Attaques terroristes en Tunisie: Les objectifs cachés de Daech

Attaques terroristes en Tunisie: Les objectifs cachés de Daech

par Moncef Wafi, Le Quotidien d’Oran, 9 mars 2016

Même s’il reconnaît avoir remporté «une bataille», le gouvernement tunisien promet une «évaluation approfondie» de son maillage sécuritaire qui n’a pas empêché une cinquantaine de djihadistes d’investir, à l’aube de ce lundi, la ville de Ben Guerdane près de la frontière libyenne. Rappelons que les autorités tunisiennes ont récemment achevé la construction d’un «système d’obstacles» sur près de la moitié des 500 km de frontière commune avec la Libye, renforçant les patrouilles terrestres et aériennes le long de cette bande frontalière.

Malgré le fait que la Tunisie est prise pour cible par les groupes terroristes «internes», c’est la première fois que des attaques sans précédent, de par leur ampleur et leur niveau de préparation, sont enregistrées.

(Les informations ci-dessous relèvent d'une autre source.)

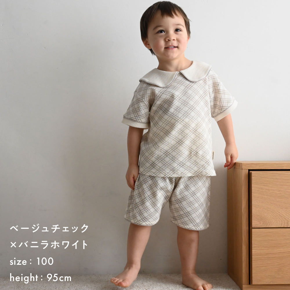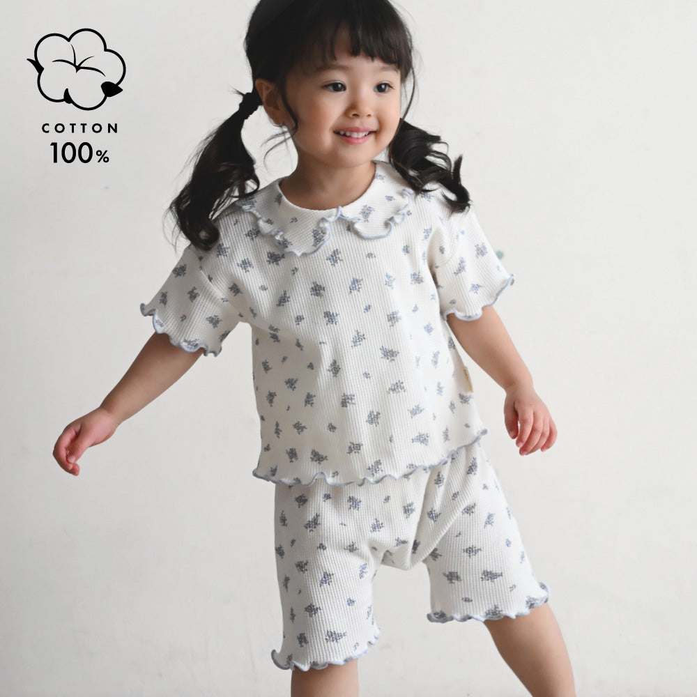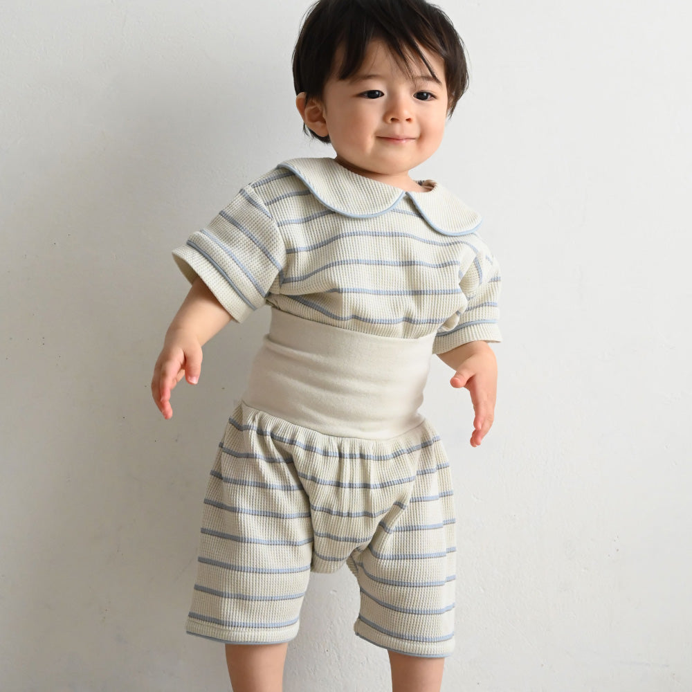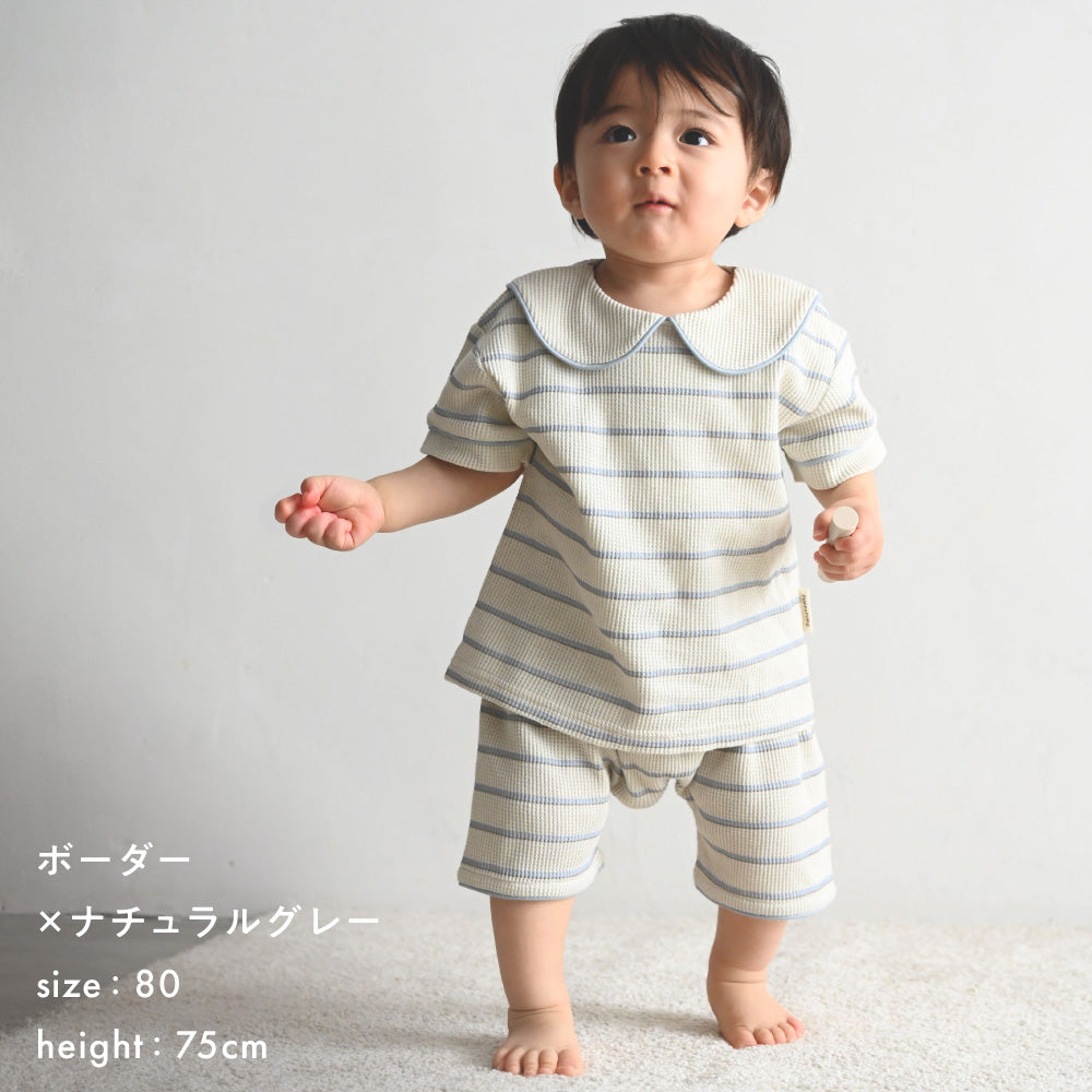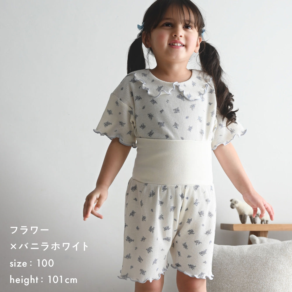 肌触りの良いワッフル生地を使用した、おしゃれな襟付き半袖ベビー&キッズの子供用パジャマ。腹巻タイプのズボンは寝冷え対策にも。首元ゴムでボタン不使用のためお着替えしやすいです。やさしくかわいらしいデザインと着心地の良さで、涼しい春先から暑い夏、秋口まで長く着ることができ、エアコンの効いた室内でも、やさしく包み込んでくれます。

Le nombre même des assaillants interpelle sur l’objectif de cette incursion. Le bilan définitif de ce lundi est éloquent avec 36 djihadistes, 12 membres des forces de l’ordre et sept civils tués. Le Premier ministre tunisien, Habib Essid, a précisé que, selon les données préliminaires, la majorité des assaillants tués et arrêtés étaient des Tunisiens, sans pour autant écarter la possibilité d’étrangers parmi eux. L’objectif supposé de Daech, au vu des effectifs engagés, est l’instauration d’un émirat de l’Etat islamique dans cette ville de 60.000 habitants, une tête de pont, en quelque sorte, en Tunisie ou alors une zone de repli en cas d’une intervention militaire des Occidentaux en Libye. Le président tunisien a lui-même reconnu cette hypothèse déclarant que les assaillants «avaient peut-être pour but de contrôler cette région et de proclamer une nouvelle province» au nom de Daech. Habib Essid est également partisan de ce scénario, affirmant que «le but de cette attaque était de troubler la sécurité de notre pays et établir un émirat de Daech à Ben Guerdane».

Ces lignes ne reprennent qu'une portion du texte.